China’s shared bike revolution has been remarkable. Pretty much every city in the country now has its sidewalks cluttered with bikes of various bright colors that can be opened with the scan of a QR code and ridden away for pennies.
Sounds pretty environmentally friendly right? Well, kind of. The well-documented flip-side of the phenomenon has been “shared bike graveyards”, where discarded and disused bicycles (plus those belonging to companies who’ve gone bust) are bundled together into towering piles of twisted metal, rubber, and plastic — a horrible waste of resources.
These bike graveyards have been around for a while now and made for some shocking but also visually kind of fascinating fodder for media both across the country and internationally. And yes, we’ve posted about them before.
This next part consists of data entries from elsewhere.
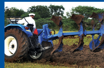
REVERISBLE MB PLOUGH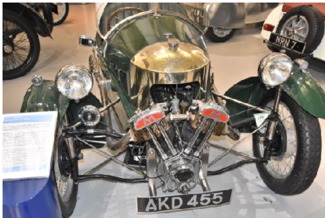
1935 Morgan 3 Wheeler

In November 2015 Roxann and I spent several days in central England. Two stops high on “our” list were the British Motor Museum in Gaydon and the Coventry Transport Museum in downtown Coventry. The British Motor Museum bills itself as “The world’s largest collection of historic British cars”. To say that these two museums are spectacular is a huge understatement! Perhaps one day you will have the pleasure of touring them in person. Until that can happen I hope you will enjoy these photos showing some of the finest offerings from the British Motor Industry. This is the second half of our photo selections. Enjoy! (If you missed the first half, please find them in the May 2020 Chronicle.)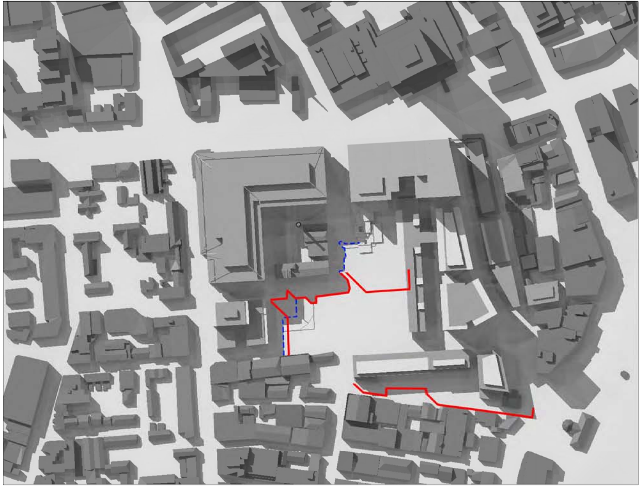
03 21 March 3pm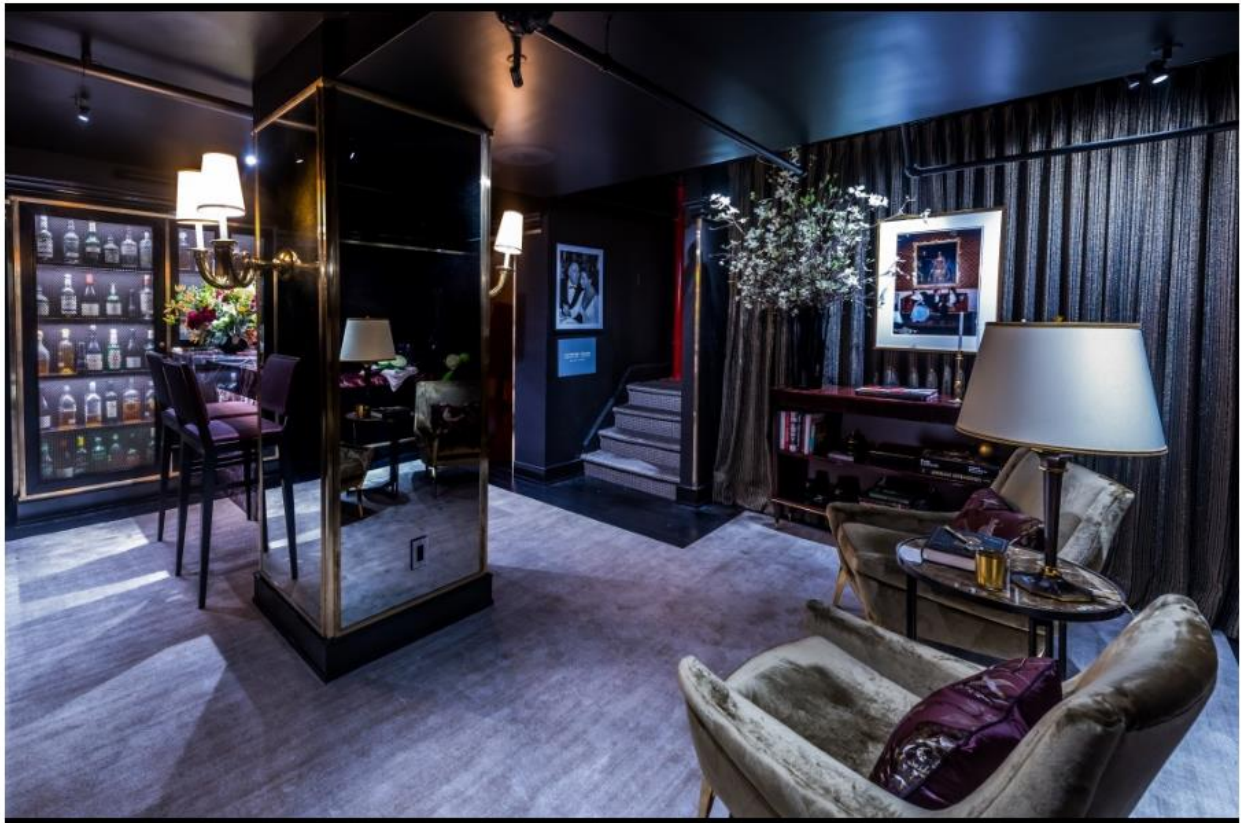
The lounge and bar, by Lichten Craig, presented a challenge because of low ceilings with soffits and the absence of natural light. The design team created an intimate space, with dark walls and ceilings camouflaging piping and irregularities. A pair of Charles Ramos chairs are upholstered in rich champagne silk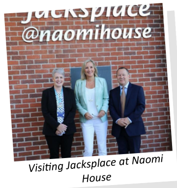
Visiting Jacksplace at Naomi House

I hosted a further Gosport Task Force meeting this month to plot a economic future for the Borough in light of the Government land that is earmarked for disposal. The Gosport Infrastructure Investment Plan we have been working on is nearing completion. Many residents have shown concerns regarding potential housebuilding in the strategic gap between Gosport and Fareham Boroughs so I was pleased to attend two public meetings which provided information about potential proposals.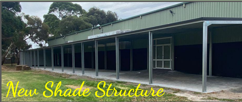
New Shade Structure

The new, school shade structure located at the back of the gym has now been completed. This undercover area will provide a shaded learning space for our students to use as well as a protected area for play on hot days.!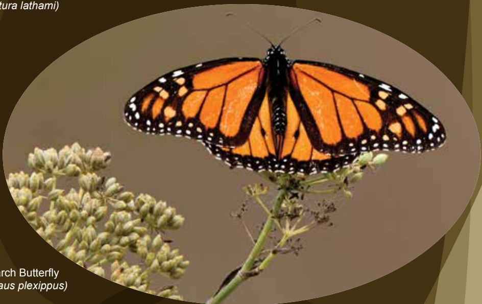
Monarch Butterfly ( Danaus plexippus )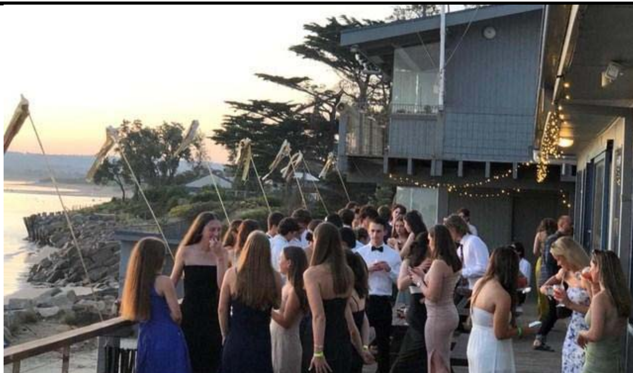
Hot Somers Ball. Fairy lights and silky drapes adorned the clubhouse for our young sailors who swapped their wet suit for formal elegance.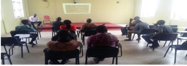
Figure 2 Street addressing team at the meeting.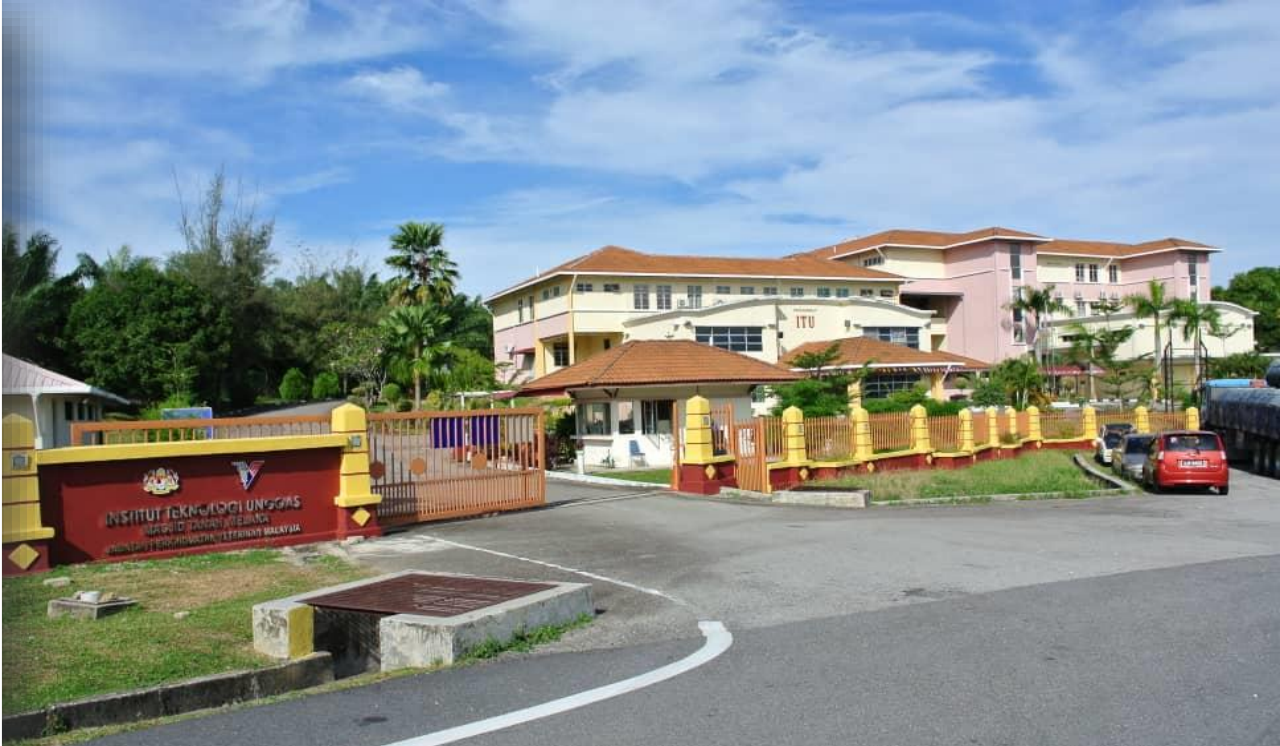
INSTITUT TEKNOLOGI UNGGAS, MELAKA (POULTRY INSTITUTE OF TECHNOLOGY, MALACCA)

In Hangzhou, This Field is Where 20,000 Confiscated Bikes Have Gone to Die [UPDATE: Now with Video]
But the graveyards have been back in the news in the last couple of days after a short film from director Wu Guoyong started making the rounds on Weibo and WeChat. The film, entitled 无处安放 No Place to Place, features stunning footage from sites in 20 cities across China, from Hefei to Xiamen, Beijing to Nanjing.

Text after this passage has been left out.